Loophole in license (part 2)

[alteholz]

Unfortunately I can not reopen #88, so I need to create a new issue.

The addition of "legitimate" make things a bit better, but don't solve the problem. If you look at the German "Entwurf eines Gesetzes zur Anpassung des Verfassungsschutzrechts (Drucksache 19/24785)" a legitimate use will be the installation of the so called "Staatstrojaner" on mobile devices. I am sure other countries already have or will have similar laws within a short time.

So, your license still forbids you to use your own software unless you get consent from all governmental institutions that might be interested and allowed to put their own data on devices.

Writing licenses is more difficult than it looks like and you should better contact a lawyer to discuss this issue. As it is pretty hard to prove illegal usage of your software, the wording should be flawless in order to be successful in court.

[botherder]

I appreciate the feedback, but I still fail to understand how an intrusion in a device (by definition without consent of the user) would itself constitute a legitimate use. While an intrusion in a device by a state authority might be "legitimate" under the law, it doesn't constitute automatically "legitimate use" of such device. Surely there might be some linguistic differences, but I think any fair interpretation of such language would concur with that. And realistically it seems pretty implausible that anyone would even preemptively be in a position of being aware let alone knowing who would be such purported additional entity they would need to request consent from.

That said, if you have more explicit language to suggest I would welcome changes.

[alteholz]

Legal texts should be written in such a way that there is no need for interpretation. According to the Cambridge Dictionary "legitimate" means "allowed by law" and "legitimate use" is just "use, allowed by law". From my point of view there is no need for any kind of interpretation.

Of course nobody can get the needed consent from every governmental institutions. But this makes your license rather useless, doesn't it? You have clauses in the license, that even forbids you to use the software. How do you want to enforce any violation of the license under this conditions?

Unfortunately English is not my first language, so I am not nearly able to improve your wording. I only can recognize weak spots.

[botherder]

Legal texts should be written in such a way that there is no need for interpretation.

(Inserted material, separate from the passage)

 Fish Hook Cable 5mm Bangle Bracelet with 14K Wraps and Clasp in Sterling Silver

According to the Cambridge Dictionary "legitimate" means "allowed by law" and "legitimate use" is just "use, allowed by law". From my point of view there is no need for any kind of interpretation.

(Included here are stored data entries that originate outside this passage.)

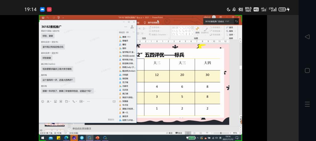 11月12日19时,点点taptap官方网站“36182”素质推广大会于企业微信线上顺利举行。本次推广大会由社会实践部负责人孔令旗主讲,点点taptap官方网站20级各班和21级CFA1班班长、团支书、组织委员、宣传委员参加了会议。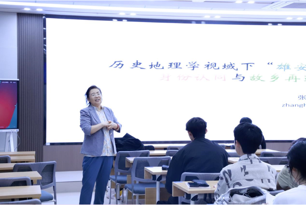 马克思主义lejing乐竞体育(中国)官方网站-登录入口张慧芝教授以《历史地理学视域下“雄安人”的身份认同与故乡再造》为主题,深入探讨了在雄安新区建设这一国家战略背景下,“雄安人”如何在原有地域文化基础上重构身份认同,以及通过故乡再造实现传统文化传承与现代城市发展的融合。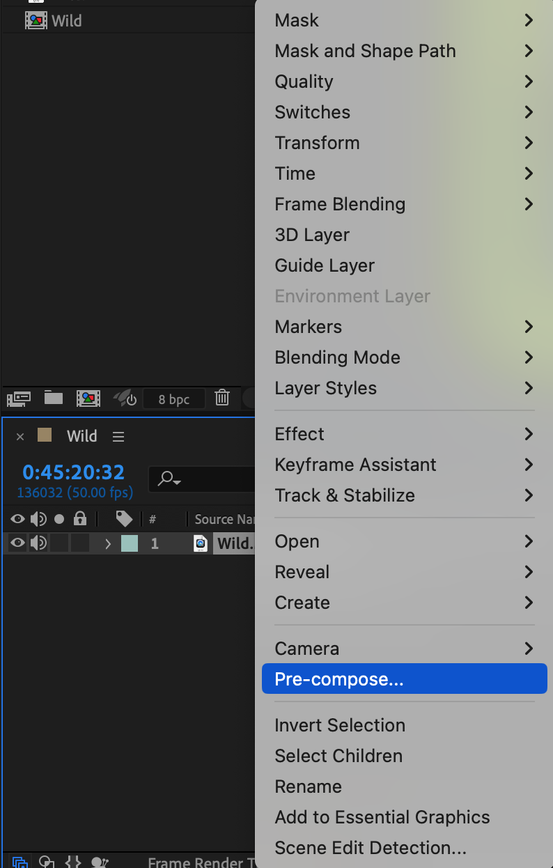 If you need to adjust the video’s size while keeping the border intact, right-click the layer and select Pre-compose. Once pre-composed, adjust the scale of the video within the composition to refine the overall framing.

To me there's a pretty clear difference between "legitimate" and "legitimate use" considering "use" clearly implies the person to be a "user" of such device. I think an unauthorized intruder hardly classifies as a "user" of the device, let alone a legitimate one.

Of course nobody can get the needed consent from every governmental institutions. But this makes your license rather useless, doesn't it? You have clauses in the license, that even forbids you to use the software. How do you want to enforce any violation of the license under this conditions?

Well, as I have said, I don't agree with your characterization of "legitimate use" so I don't believe that it forbids using the software as intended.

It's pretty evident (as is amply described in the documentation) that the purpose of the license is to discourage adversarial forensics. I don't see why would I want to litigate a legitimate use of this software even under the circumstances you describe.

Would this change satisfy your concerns?

1.17. "Device User" (or "Device Users")
    means an individual or group of individuals who made legitimate use
    of the electronic device from which Data that is extracted and/or
    analyzed originated. "Device User" might or might not differ from
    "Device Owner".

    Any individual or entity who intruded on the device through means such as
    but not limited to exploitation, social engineering or physical tampering,
    and who covertly accessed, manipulated or generated data on the device,
    even if authorized by the law, does not qualify as a "Device User"
    under the terms of this license.